╭─ MATERIAL PROVIDED
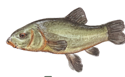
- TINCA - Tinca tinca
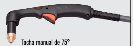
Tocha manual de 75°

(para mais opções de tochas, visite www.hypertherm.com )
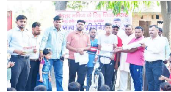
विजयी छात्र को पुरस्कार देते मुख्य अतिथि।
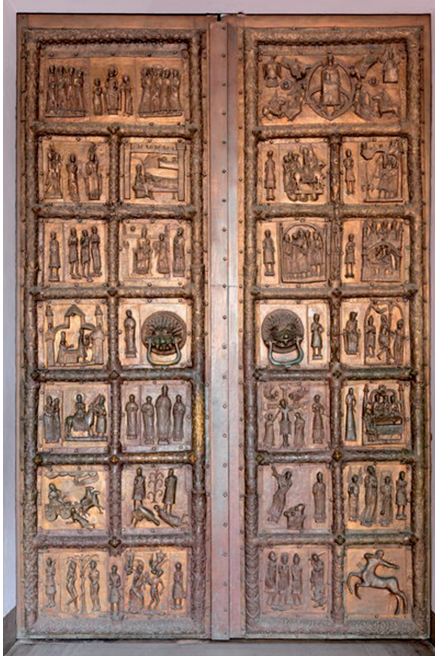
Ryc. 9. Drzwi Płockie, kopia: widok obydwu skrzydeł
╰─
╭─ MATERIAL PROVIDED
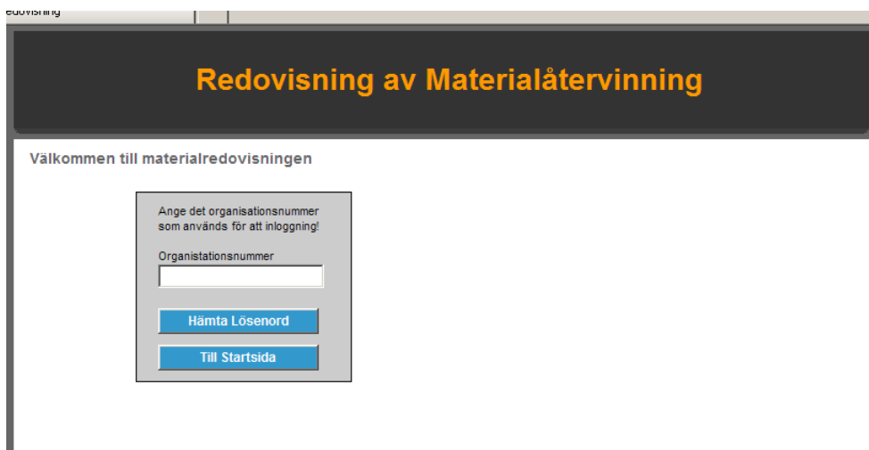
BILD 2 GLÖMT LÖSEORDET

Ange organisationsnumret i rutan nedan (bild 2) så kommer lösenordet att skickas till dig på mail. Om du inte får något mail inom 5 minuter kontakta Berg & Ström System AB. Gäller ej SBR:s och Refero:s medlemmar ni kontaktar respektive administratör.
╰─
TASK ITEM:
Once the line with "- TINCA - Tinca tinca" is found above, print it and every line after it through the line with "Ryc. 9. Drzwi", exactly. Pictures stay out.

SOLUTION BELOW:
- TINCA - Tinca tinca
Tocha manual de 75°

(para mais opções de tochas, visite www.hypertherm.com )
विजयी छात्र को पुरस्कार देते मुख्य अतिथि।
Ryc. 9. Drzwi Płockie, kopia: widok obydwu skrzydeł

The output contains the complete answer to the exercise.